**What to work on:**
Look through the entries below and copy exactly the part that begins with the line containing "儿童保健秋冬养生摘要秋冬季儿" and ends with the line containing "默克Merck|维生素C测试". Do not copy the pictures.

* * * * * * *

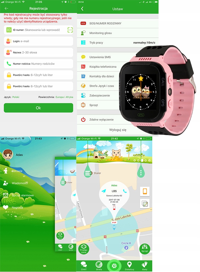 Графическое меню часов выполнено в виде крупных иконок с короткими фразами на польском языке. (например, камера, фотографии, телефонная книга), поэтому даже маленькие дети смогут легко ими пользоваться.
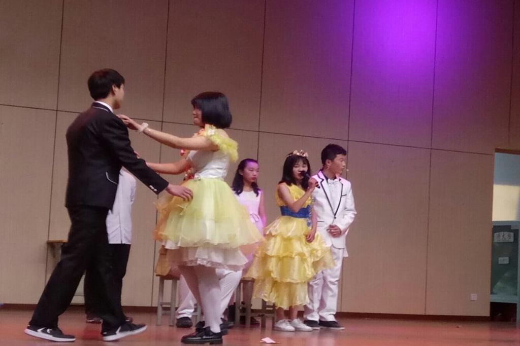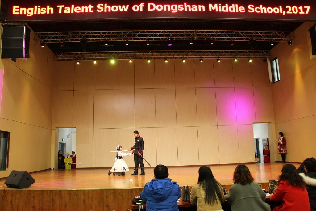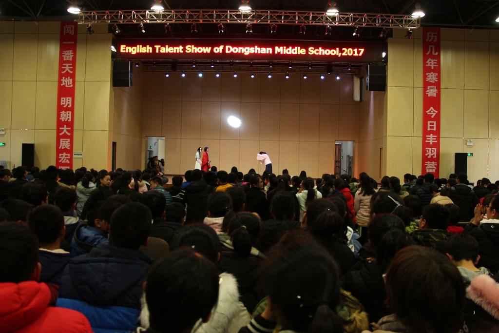 为了塑造学生阳光性格,丰富学生业余生活, 12 月 23 日,我校举行了第四届学生英语才艺表演活动。本次活动由八年级学生参加。同学们在英语老师的指导下,精心编排,采用英语演讲、英语歌曲、英语话剧等丰富多彩的表演形式展示了自己的才艺,大家在表演中说英语、学英语,感受英语的魅力,体验学习英语的快乐。我校每年举办的 学生英语才艺表演活动,是活动式教育 寓教于乐 的良好实践,活动激发了学生学习兴趣,对打造多元的校园文化起到了积极的推动作用。 (刘宝玉老师供稿)
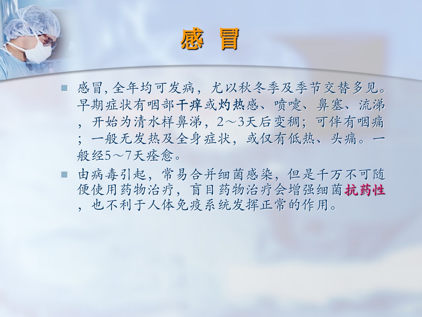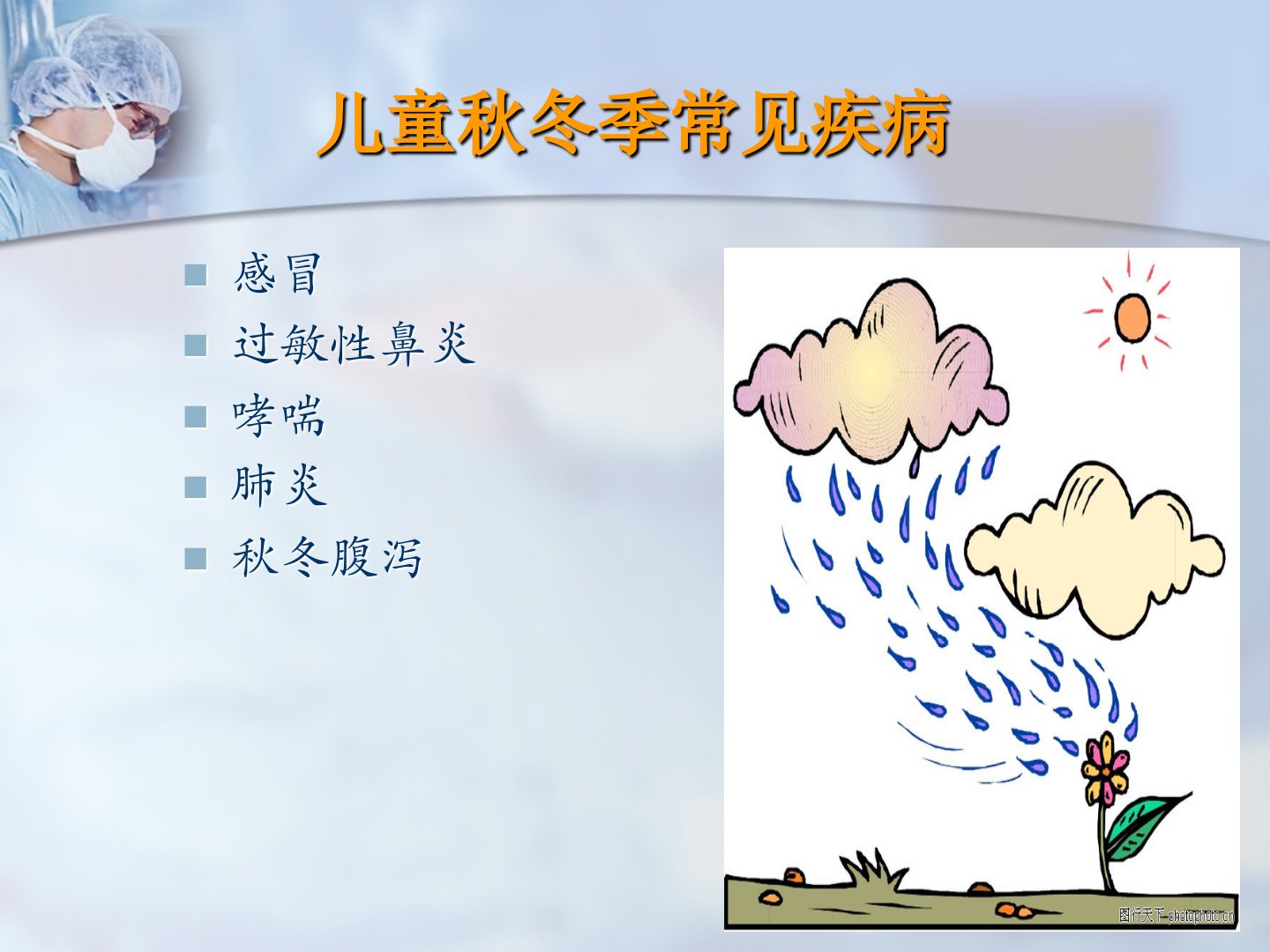 儿童保健秋冬养生摘要秋冬季儿童易患感冒、过敏性鼻炎、哮喘、肺炎、秋冬腹泻等疾病。感冒多由病毒引起早期有咽干、喷嚏等症状不可盲目用药不发热时应喝水、休息、清淡饮食发热超385或病情加重需就医感冒初期禁食生冷油腻。过敏性鼻炎秋季多发预防需先找出过敏源。哮喘与过敏体质和感冒有关预防要房间通风干燥、勤晒洗床上用品、注意运动和饮食。肺炎高发因气候干燥最初症状与感冒相似需警惕无体温肺炎。秋冬腹泻由肠道病毒引起预防要把好入口关、注意保暖和环境卫生。儿童易患呼吸系统及消化系统疾病因肺常虚、脾常不足。秋冬季养生要防燥、防凉、防寒饮食应养肺、养肾、调理脾胃注意营养平衡;起居应早睡早起(秋)早睡晚起(冬)、勤开窗通风、及时增减衣物、适当冷水锻炼、做好皮肤呵护做到“四暖一凉”。通过各种调摄保养可增强儿童体质减少疾病发生。
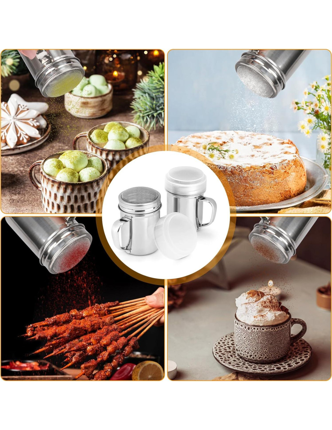 - Este tamiz de malla fina diseñado con tapas de giro, conveniente para agregar polvo u otras especias. Los tamices ideales para azúcar en polvo, canela, bicarbonato de sodio, cacao, maicena, café, harina o cualquier otra especia, condimentos.
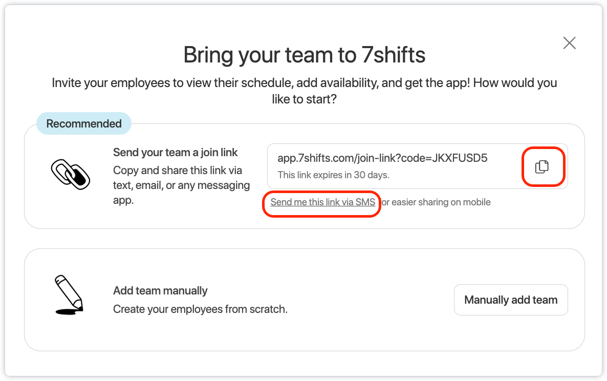 Tip: You don't need to save the link! You can view and grab the join link as many times as you need from the Add Employees section on the Schedule page. A new link is generated daily and previously shared links remain active for 30 days.
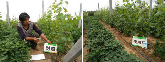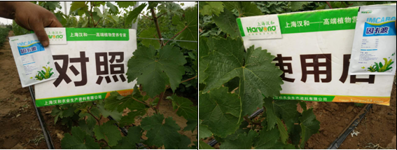 在葡萄苗期,葉面噴施因卡波750倍,1次,具有以下效果:
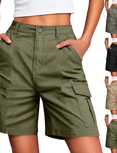 Mulheres Bermudas Atrevido Calção Férias Básico Casual Comprimento do joelho Cintura Média Tecido Bolsos Cintura elástica Confortável Conforto Sem Elasticidade Diário Ao ar livre Rua Cinzento Claro
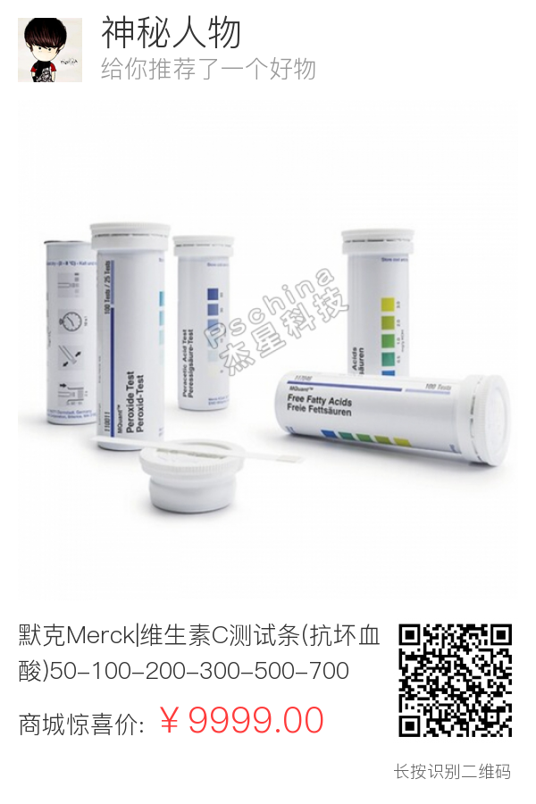 默克Merck|维生素C测试条(抗坏血酸)50-100-200-300-500-700-1000-2000mg/l|100条|1.10023.0001|ME1100230001
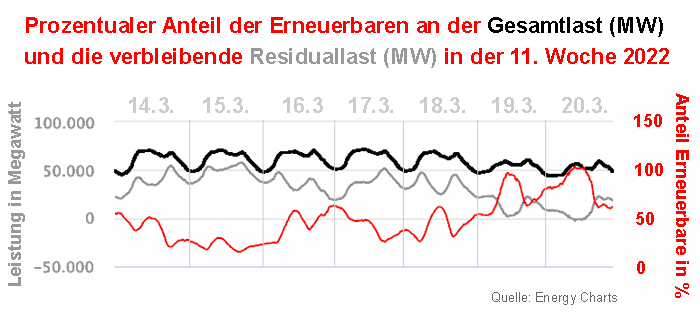 Am 20. März 2022, zwischen 13 und 14 Uhr, war einer jener bislang noch seltenen Momente, in denen der Strom aus erneuerbaren Energiequellen fast vollständig ausreichte, um den gesamten deutschen Stromverbrauch zu decken. In dieser Stunde betrug die Einspeisung der Erneuerbaren 53,3 GWh und die Netzlast 54,4 GWh. Dem nahezu hunderprozentigen Anteil der Erneuerbaren an der Gesamtlast von rund 50.000 MW entsprach dabei ein Absinken der Residuallast auf 0 MW. Dies war allerdings nur möglich, weil innerhalb dieser Stunde eine weiterhin sehr hohe Leistung von rund 17.000 MW an fossiler und nuklearer Stromerzeugung unter einem hohen Exportüberschuss von 15 GWh verbucht werden konnte (davon 3,1 GWh nach Österreich, 3,0 GWh nach Frankreich und 2,4 GWh nach Frankreich). Andernfalls wäre diese ins Ausland geflossene Strommenge als großteils nicht abbaubare Residuallast in der inländischen Strombilanz aufgetaucht und hätte dort die volle Nutzung des zur Verfügung stehenden Erneuerbaren-Stroms blockiert.
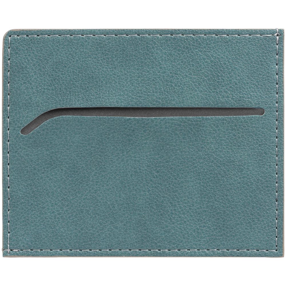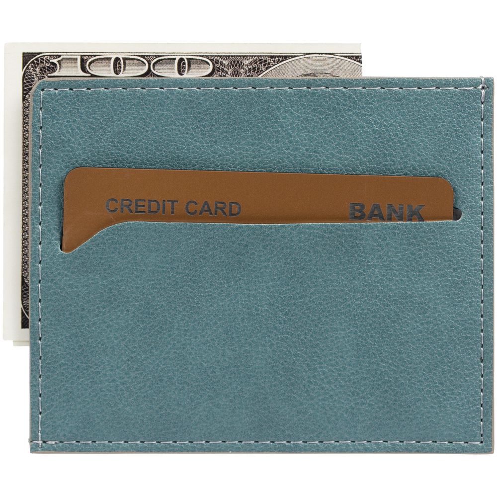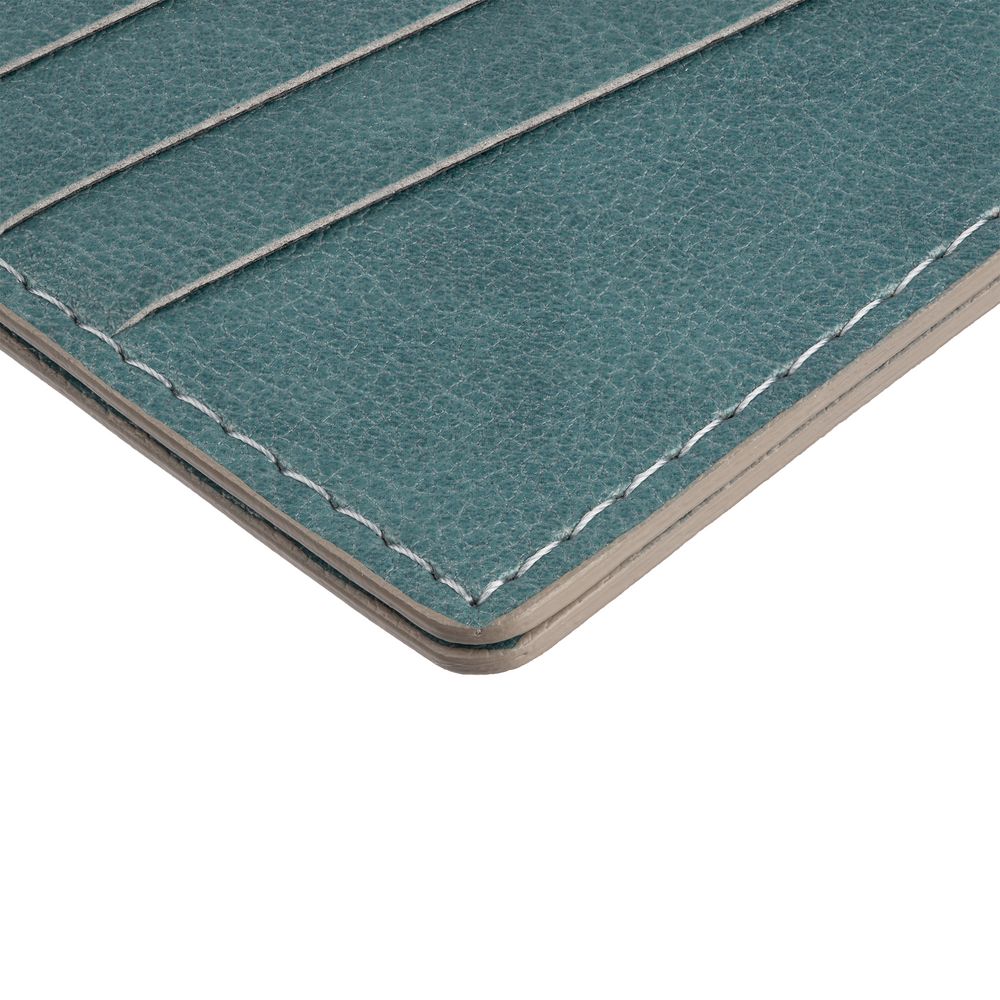 Чехол выполнен из материала Petrus, голубой JJ, дополнен окрашенным срезом края и внутренним карманом из серого картона. Имеет 4 отделения для кредитных карт и 1 отделение для купюр. -

* * * * * * *

**Expected answer:**
 儿童保健秋冬养生摘要秋冬季儿童易患感冒、过敏性鼻炎、哮喘、肺炎、秋冬腹泻等疾病。感冒多由病毒引起早期有咽干、喷嚏等症状不可盲目用药不发热时应喝水、休息、清淡饮食发热超385或病情加重需就医感冒初期禁食生冷油腻。过敏性鼻炎秋季多发预防需先找出过敏源。哮喘与过敏体质和感冒有关预防要房间通风干燥、勤晒洗床上用品、注意运动和饮食。肺炎高发因气候干燥最初症状与感冒相似需警惕无体温肺炎。秋冬腹泻由肠道病毒引起预防要把好入口关、注意保暖和环境卫生。儿童易患呼吸系统及消化系统疾病因肺常虚、脾常不足。秋冬季养生要防燥、防凉、防寒饮食应养肺、养肾、调理脾胃注意营养平衡;起居应早睡早起(秋)早睡晚起(冬)、勤开窗通风、及时增减衣物、适当冷水锻炼、做好皮肤呵护做到“四暖一凉”。通过各种调摄保养可增强儿童体质减少疾病发生。
 - Este tamiz de malla fina diseñado con tapas de giro, conveniente para agregar polvo u otras especias. Los tamices ideales para azúcar en polvo, canela, bicarbonato de sodio, cacao, maicena, café, harina o cualquier otra especia, condimentos.
 Tip: You don't need to save the link! You can view and grab the join link as many times as you need from the Add Employees section on the Schedule page. A new link is generated daily and previously shared links remain active for 30 days.
 在葡萄苗期,葉面噴施因卡波750倍,1次,具有以下效果:
 Mulheres Bermudas Atrevido Calção Férias Básico Casual Comprimento do joelho Cintura Média Tecido Bolsos Cintura elástica Confortável Conforto Sem Elasticidade Diário Ao ar livre Rua Cinzento Claro
 默克Merck|维生素C测试条(抗坏血酸)50-100-200-300-500-700-1000-2000mg/l|100条|1.10023.0001|ME1100230001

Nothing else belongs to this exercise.